Using the following jQuery will get the RGB value of an element's background color:
$('#selector').css('backgroundColor');
Is there a way to get the hex value rather than the RGB?
Here is the cleaner solution I wrote based on @Matt suggestion:
function rgb2hex(rgb) {
rgb = rgb.match(/^rgb\((\d+),\s*(\d+),\s*(\d+)\)$/);
function hex(x) {
return ("0" + parseInt(x).toString(16)).slice(-2);
}
return "#" + hex(rgb[1]) + hex(rgb[2]) + hex(rgb[3]);
}
Some browsers already returns colors as hexadecimal (as of Internet Explorer 8 and below).
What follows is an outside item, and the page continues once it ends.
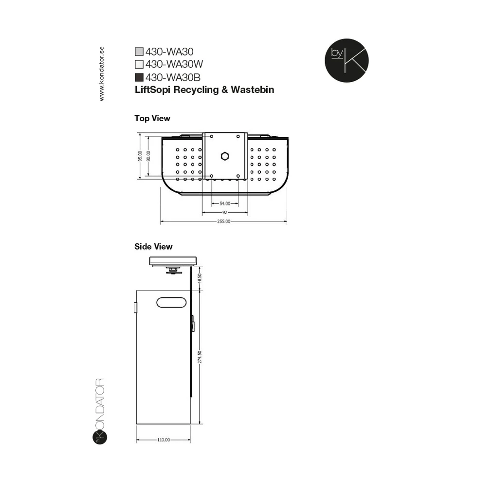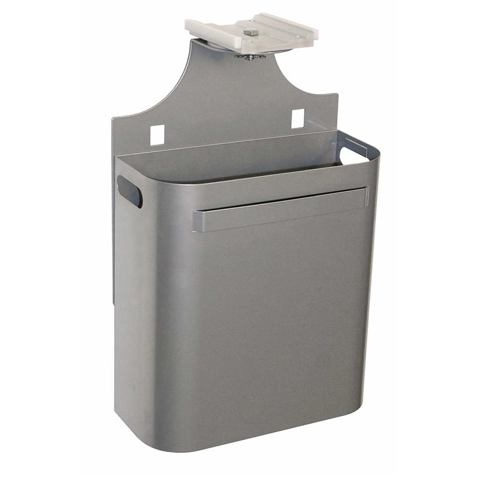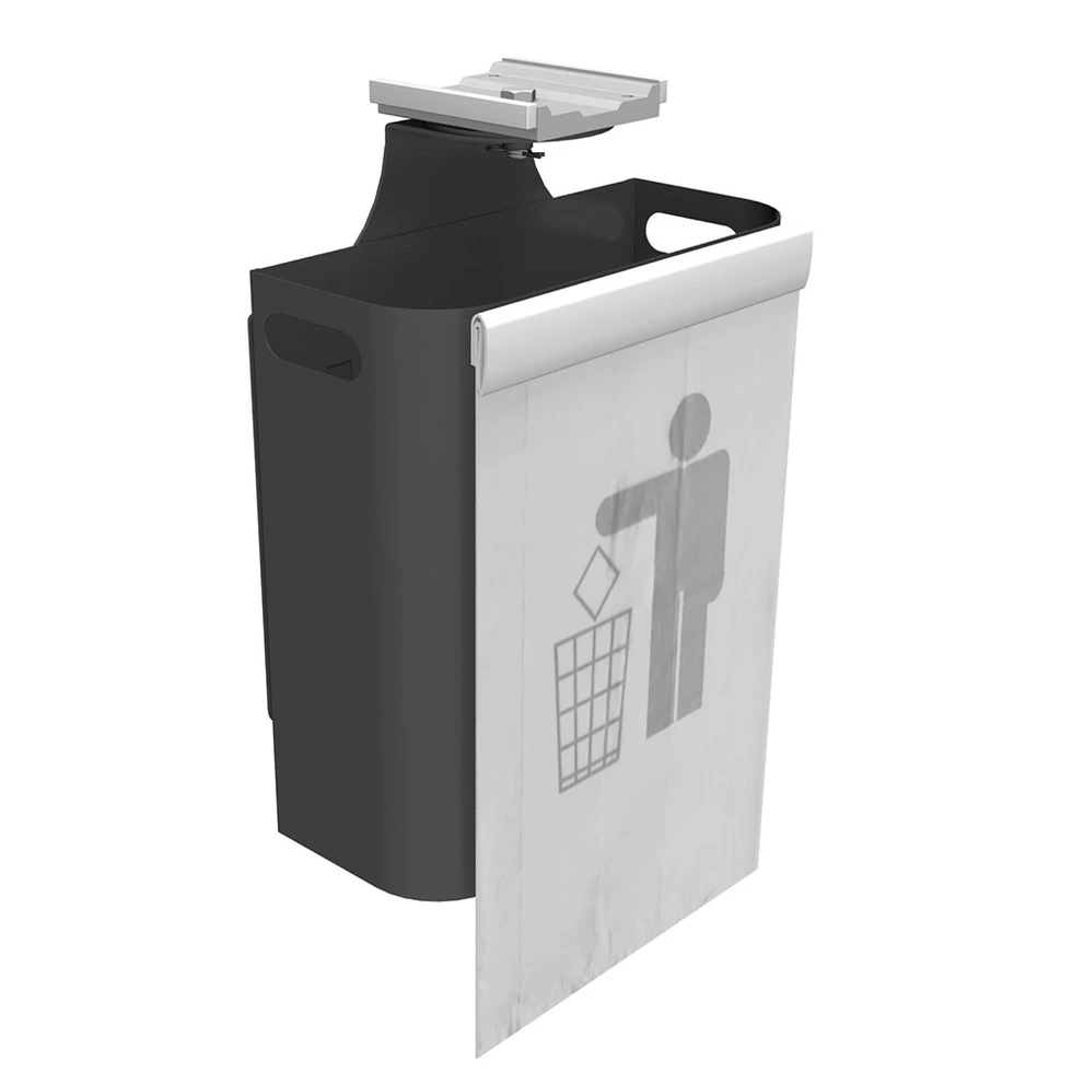 Мусорное ведро с кронштейном для крепления под столом. Вращение: 360°. Объем: 7 л. Регулировка расстояния от стола. Опция: направляющие рельсы LiftSystem 430-WA1x для горизонтального скольжения. В комплекте: 25 пакетов для мусора Sopi. Габаритные размеры (ШxГxВ): 255х110х323 мм. Цвет серебристый.

If you need to deal with those cases, just append a condition inside the function, like @gfrobenius suggested:
function rgb2hex(rgb) {
if (/^#[0-9A-F]{6}$/i.test(rgb)) return rgb;
rgb = rgb.match(/^rgb\((\d+),\s*(\d+),\s*(\d+)\)$/);
function hex(x) {
return ("0" + parseInt(x).toString(16)).slice(-2);
}
return "#" + hex(rgb[1]) + hex(rgb[2]) + hex(rgb[3]);
}
If you're using jQuery and want a more complete approach, you can use CSS Hooks available since jQuery 1.4.3, as I showed when answering this question: Can I force jQuery.css("backgroundColor") returns on hexadecimal format?